(AIM OF THE TASK) Exactly the lines from the one with "活動(dòng)現(xiàn" through the end of the records below are needed, minus any pictures.

(SOURCE DATA)
+ + + + +
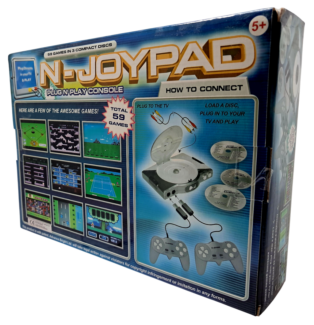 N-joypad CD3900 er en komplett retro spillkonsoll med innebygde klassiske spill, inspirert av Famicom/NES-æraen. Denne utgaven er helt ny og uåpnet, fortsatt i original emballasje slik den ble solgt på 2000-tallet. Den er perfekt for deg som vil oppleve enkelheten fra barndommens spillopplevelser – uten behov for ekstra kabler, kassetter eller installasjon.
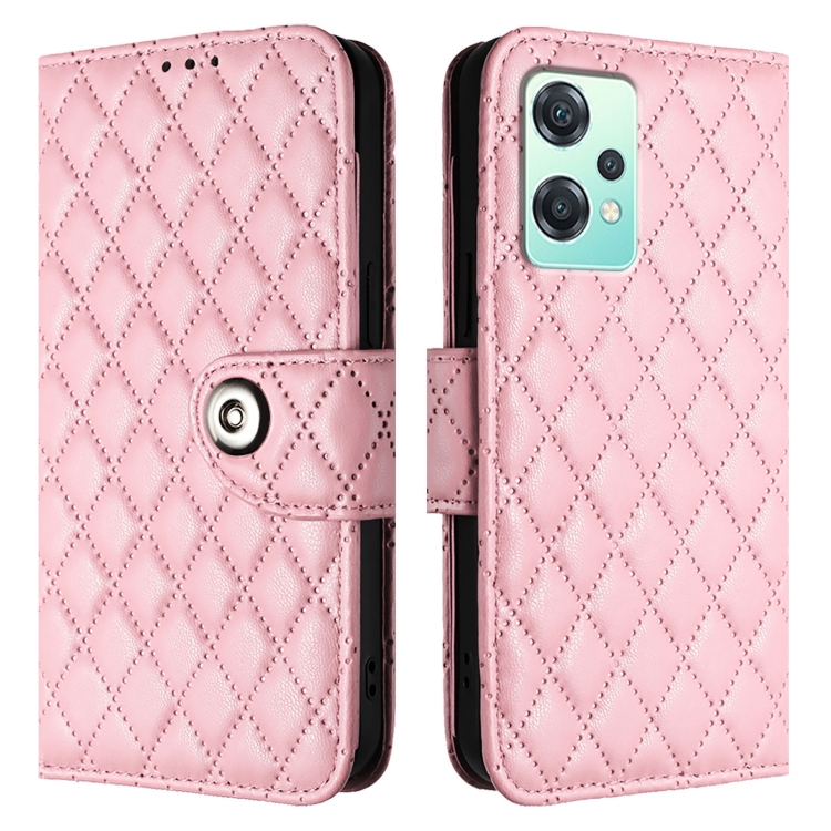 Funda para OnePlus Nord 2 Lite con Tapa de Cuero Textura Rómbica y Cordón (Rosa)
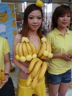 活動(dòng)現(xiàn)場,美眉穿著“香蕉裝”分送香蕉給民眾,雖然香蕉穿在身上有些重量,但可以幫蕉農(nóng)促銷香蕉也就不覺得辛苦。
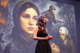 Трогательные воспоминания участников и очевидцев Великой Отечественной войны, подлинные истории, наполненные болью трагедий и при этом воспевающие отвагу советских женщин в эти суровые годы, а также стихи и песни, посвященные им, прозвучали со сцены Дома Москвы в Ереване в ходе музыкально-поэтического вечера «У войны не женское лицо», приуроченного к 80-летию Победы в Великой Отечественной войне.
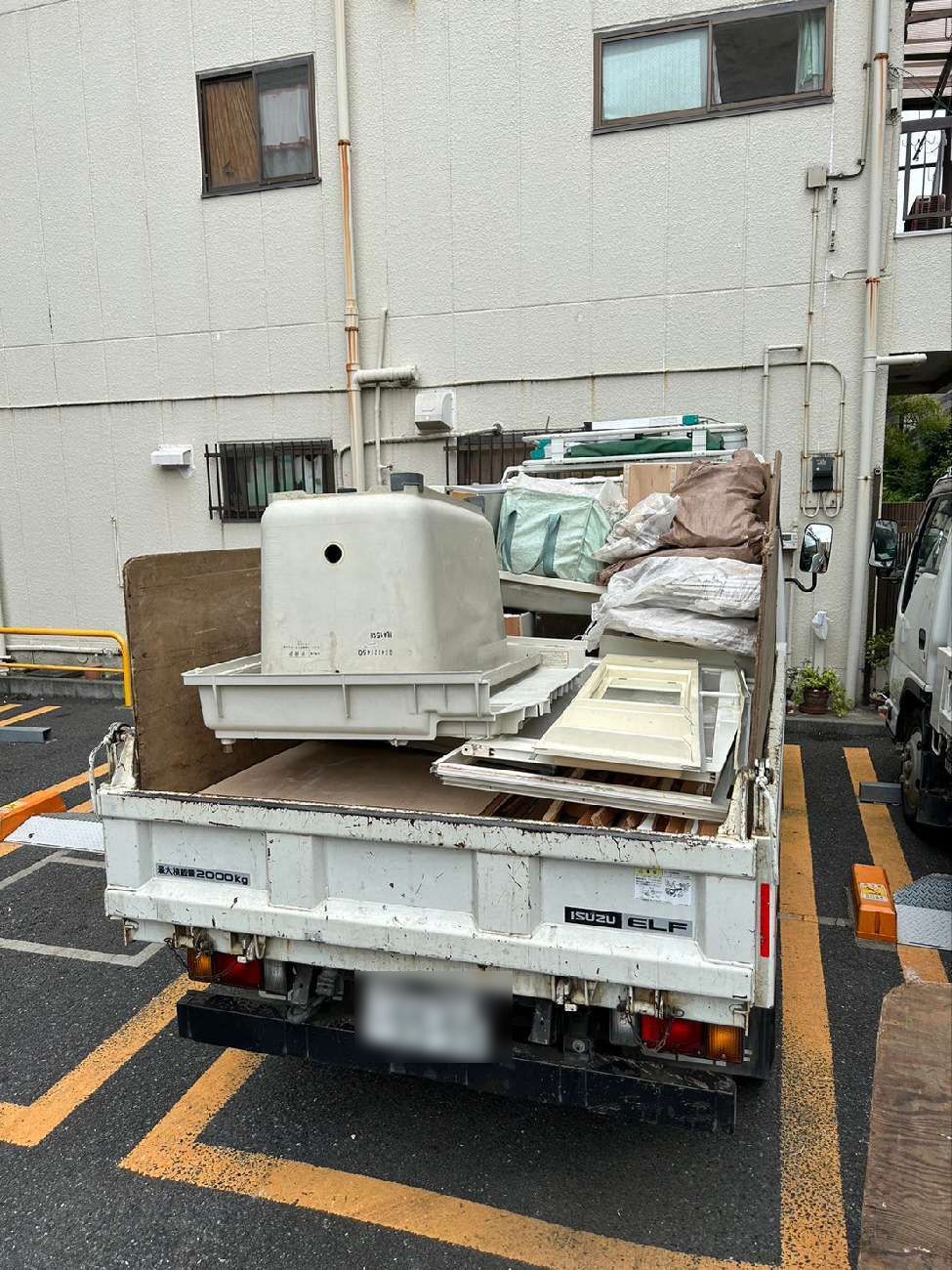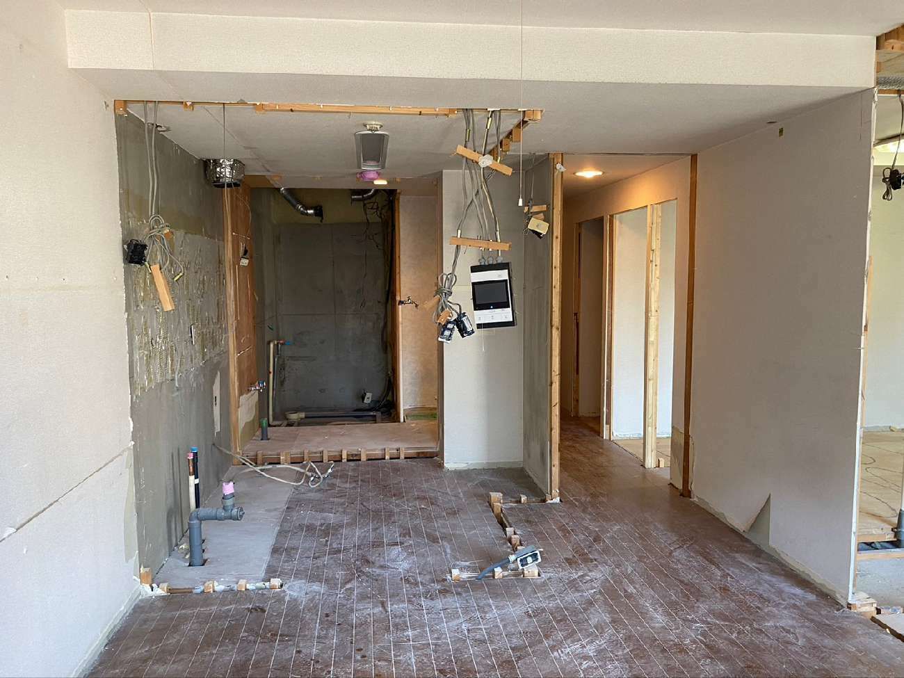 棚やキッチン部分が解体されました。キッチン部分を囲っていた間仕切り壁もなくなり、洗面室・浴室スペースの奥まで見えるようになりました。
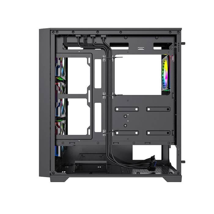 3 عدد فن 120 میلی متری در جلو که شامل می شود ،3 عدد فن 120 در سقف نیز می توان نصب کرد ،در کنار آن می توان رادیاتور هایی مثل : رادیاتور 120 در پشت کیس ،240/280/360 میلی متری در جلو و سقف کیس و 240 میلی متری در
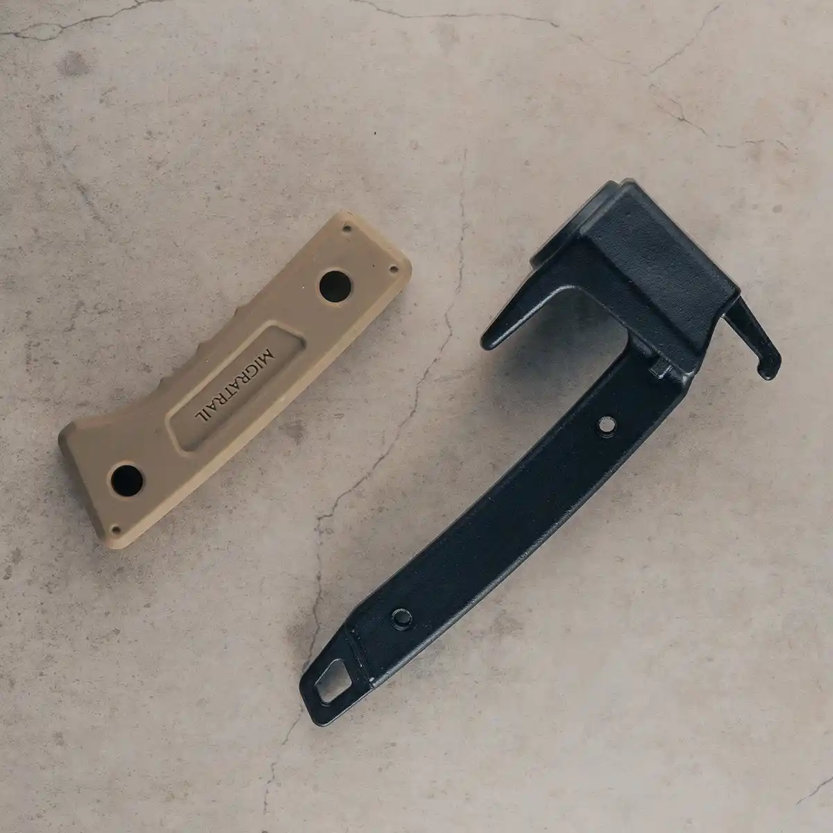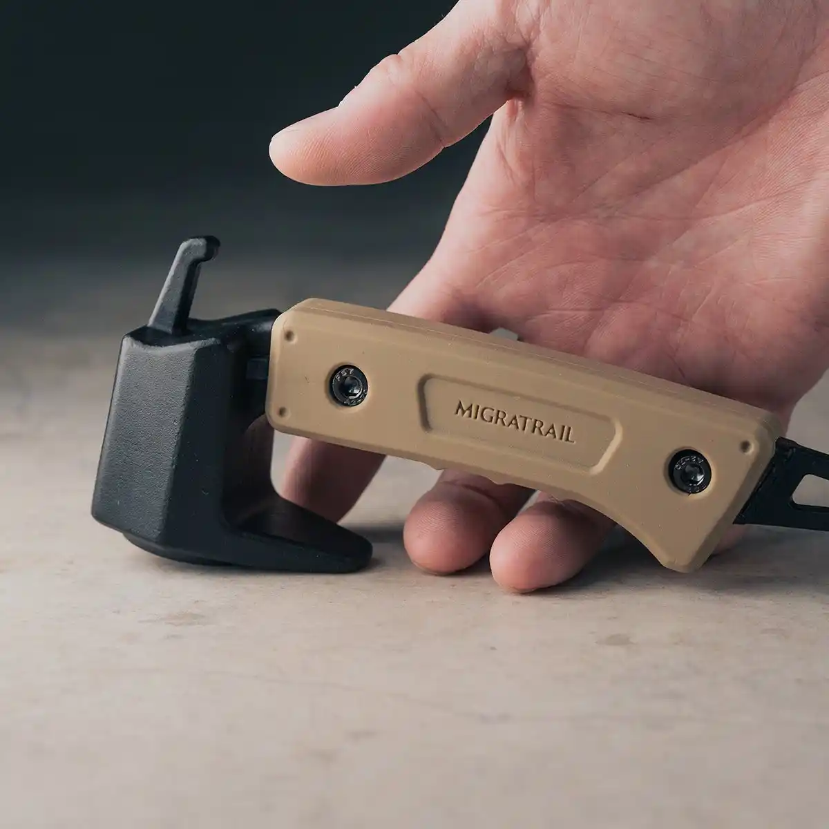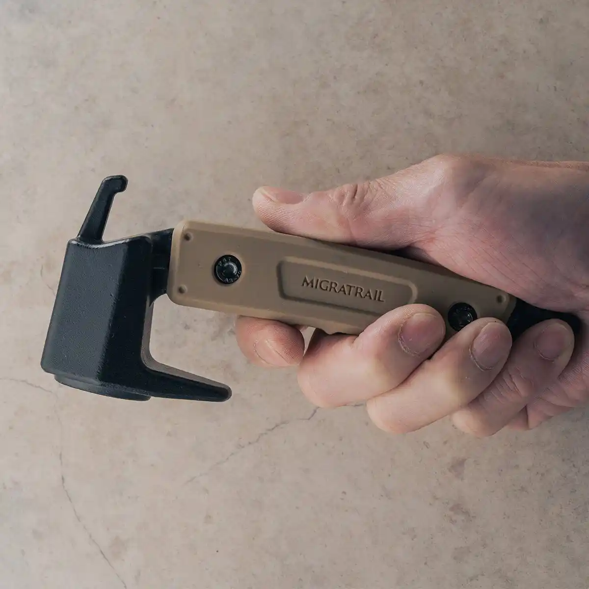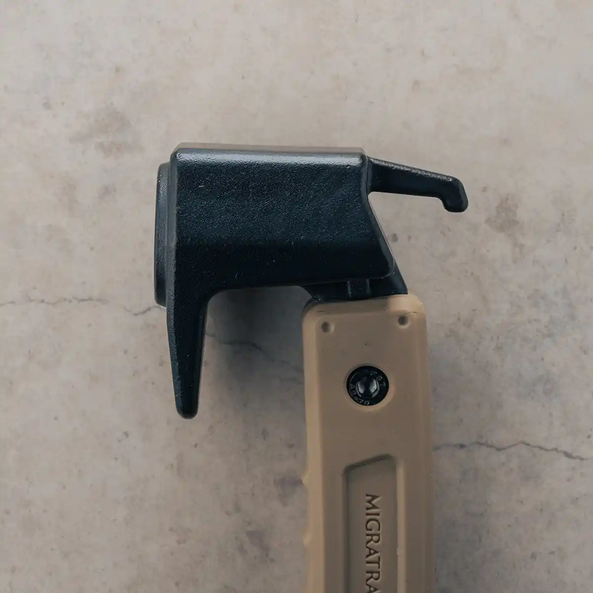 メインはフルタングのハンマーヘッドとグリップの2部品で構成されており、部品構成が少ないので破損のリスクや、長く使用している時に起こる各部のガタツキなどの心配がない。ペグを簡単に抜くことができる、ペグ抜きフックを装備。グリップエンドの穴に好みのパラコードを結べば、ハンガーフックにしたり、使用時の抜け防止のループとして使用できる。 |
+ + + + +
(SOLUTION FOR THIS TASK)
 活動(dòng)現(xiàn)場,美眉穿著“香蕉裝”分送香蕉給民眾,雖然香蕉穿在身上有些重量,但可以幫蕉農(nóng)促銷香蕉也就不覺得辛苦。
 Трогательные воспоминания участников и очевидцев Великой Отечественной войны, подлинные истории, наполненные болью трагедий и при этом воспевающие отвагу советских женщин в эти суровые годы, а также стихи и песни, посвященные им, прозвучали со сцены Дома Москвы в Ереване в ходе музыкально-поэтического вечера «У войны не женское лицо», приуроченного к 80-летию Победы в Великой Отечественной войне.
 棚やキッチン部分が解体されました。キッチン部分を囲っていた間仕切り壁もなくなり、洗面室・浴室スペースの奥まで見えるようになりました。
 3 عدد فن 120 میلی متری در جلو که شامل می شود ،3 عدد فن 120 در سقف نیز می توان نصب کرد ،در کنار آن می توان رادیاتور هایی مثل : رادیاتور 120 در پشت کیس ،240/280/360 میلی متری در جلو و سقف کیس و 240 میلی متری در
 メインはフルタングのハンマーヘッドとグリップの2部品で構成されており、部品構成が少ないので破損のリスクや、長く使用している時に起こる各部のガタツキなどの心配がない。ペグを簡単に抜くことができる、ペグ抜きフックを装備。グリップエンドの穴に好みのパラコードを結べば、ハンガーフックにしたり、使用時の抜け防止のループとして使用できる。 |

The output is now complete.